Earlier this year, the Department of Health and Human Services proposed exempting 84 types of Class II devices from 510(k) requirements, which stemmed from the relaxed regulations for the COVID-19 public health emergency. After reviewing adverse event data from both before and after the relaxed pandemic regulations, the FDA began to examine its current market authorization process for medical devices.

Among the 84 Class II devices considered for the exemption were various forms of Infusion Pump Software, CT and X-ray products, and electrocardiogram software. This was surprising to many in the industry since software, and specifically, digital health is under a regulatory spotlight. The HHS shared financial data as the basis for proposing the change; in a survey conducted by the HHS, the results reported that the cost to bring low-to-moderate risk 510(k) devices to market cost roughly $31 million annually, with an average wait time of about 10 months before receiving clearance. The HHS pinned these costs as barriers to medical device firms and patients alike.1

All 84 proposed devices had little to no adverse events reported in MAUDE over the past decade, according to the FDA. The Agency said that after a thorough review of these products, and an investigation into the risk/benefit ratio of these products, that they are confident that they could successfully exempt them from the requirements without posing a risk to public health. Although the relaxed requirements may seem like a welcome change, the industry had strong feedback for the agency. Baxter provided public comment to the proposed relaxed regulations, which in sum said that they were not in support of the potential exemption. While Baxter was in support of reviewing the efficiency of the overall process and making targeted changes, they were not in support of removing the requirements for these devices in totality.2

The COVID-19 pandemic caused extreme fluctuations in the regulatory landscape, and these newly proposed exemptions are evidence of its permanent effects on the industry. Although there will likely be long-standing changes coming for the life science industry, one thing for certain is that EMMA International is on top of it! Our team is abreast of the ever-changing regulations and can help your firm through them. Give us a call at 248-987-4497 or email to find out more!
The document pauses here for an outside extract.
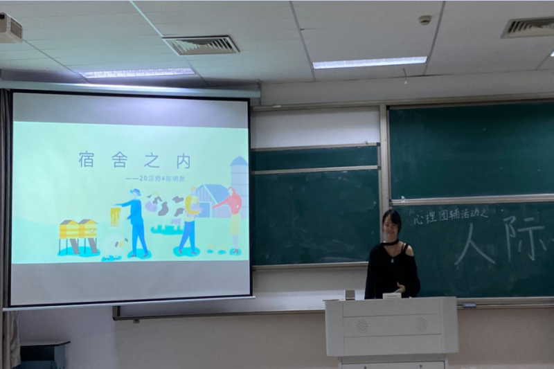 为让同学们了解怎样更好地处理好宿舍关系,陈明然讲述了宿舍关系的四个阶段,分析导致宿舍关系僵化的主要原因有舍友性格不合,观念冲突,卫生、生活习惯、娱乐等方面的琐碎小事。

1FDA (Jan 2021) Docket FDA-2021-N-0009 retrieved on 03/22/2021 from:

2Baxter Healthcare (March 2016) Comment on Docket FDA-2021-N-0009 retrieved on 03/22/2021 from:

Madison Green

Madison Green

Director of Technical Operations - Mrs. Green serves as EMMA International’s Director of Technical Operations. She has experience in technical writing, nonconforming product management, issue evaluations, and implementing corrective and preventative actions in the pharmaceuticals and medical device industries. She has experience cross-functionally between R&D, lean manufacturing operations, and RA compliance. Mrs. Green also has academic and work experience with human health-risk engineering controls, physiological biophysics, and clinical research. Mrs. Green holds a Bachelor of Science in Biosystems Engineering with a concentration in Biomedical Engineering from Michigan State University. She is also a Certified Quality Auditor (CQA), and is currently pursuing her M.S. in Quality Management.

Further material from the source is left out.